Citizens of Mondegreen

By Mice

Part One: June

-Jubilee-

"Breed on the cat with a big straw hat." Beat on the Brat, The Ramones

-1-

One of the first things Jubilee hated about the apartment is that her bedroom only had one window. She tried to convince Annie that she was more than deserving of the master bedroom, but Annie had just continued to move her stuff in without further consideration on the matter.

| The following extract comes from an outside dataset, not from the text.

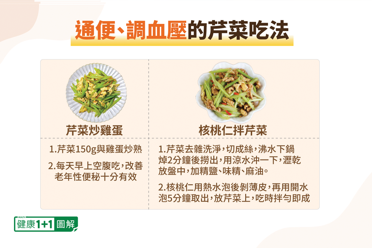 1.芹菜炒雞蛋:芹菜150克和雞蛋一起炒,特別適合年長者便秘、大便乾燥及排便困難等情況。
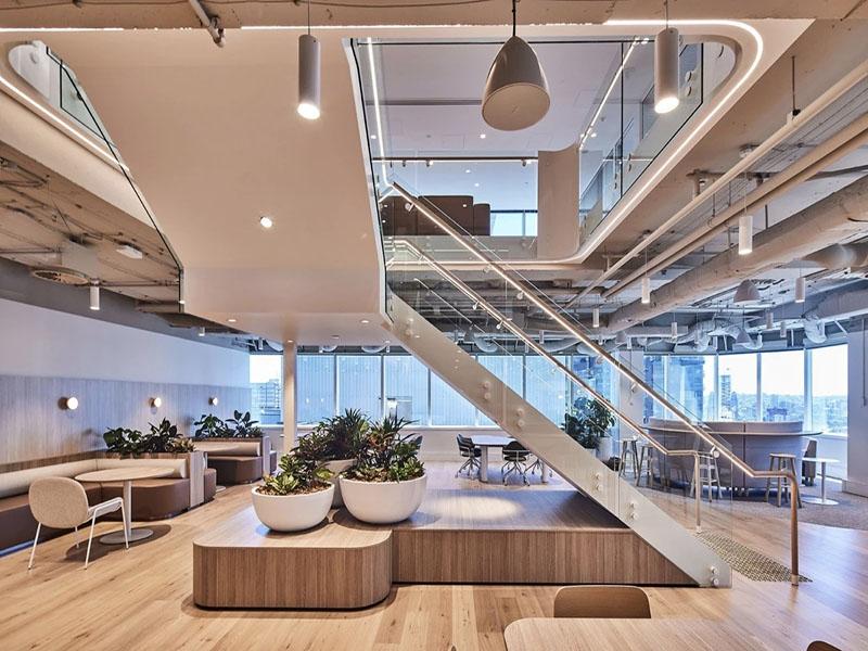 休闲社交区承载着员工休憩与企业轻社交需求,是本次办公设计的亮点所在。图 2 的双层空间以玻璃楼梯衔接上下层,上层保留开放式休闲格局,搭配简约沙发与绿植,下层设置休闲茶座与轻办公区,工业风吊顶搭配柔和灯光,营造出松弛又不失质感的休憩氛围。图 4 的茶水吧与图 5 的休闲卡座区延续自然调性,浅木色橱柜搭配简约吧椅,软包卡座与暖光壁灯点缀其间,既可为员工提供简餐、饮品补给,也能作为小型洽谈、团队放松的理想角落,有效缓解办公疲劳,提升团队凝聚力。

With the bedroom that had the one window came a limited amount of flow of air, to which Jubilee was sure was a cruel and inhumane torture intended for her. She couldn't sleep in past ten a.m. because of it. When she got up to complain, Annie just muttered about Jubilee's lack of clothes and that she was working on something.

When Jubilee did emerge freshly dressed, she made her breakfast and turned on the television. Problem was that Annie was working on something in the living room and couldn't see that Jubilee had a big day of catching up on soap operas to do. Annie just stayed put, never really watching the television. Even when Annie's favorite soap, Passions, came on, she didn't bat an eye, but made plenty of noise while working.

When it was time for dinner, Jubilee unglued herself from the couch long enough to throw something in the microwave. Annie cooked her own food, but never offered any to Jubilee. Annie's food smelled…not good, but most definitely edible. Jubilee's food usually looked and smelled like 80's fashion.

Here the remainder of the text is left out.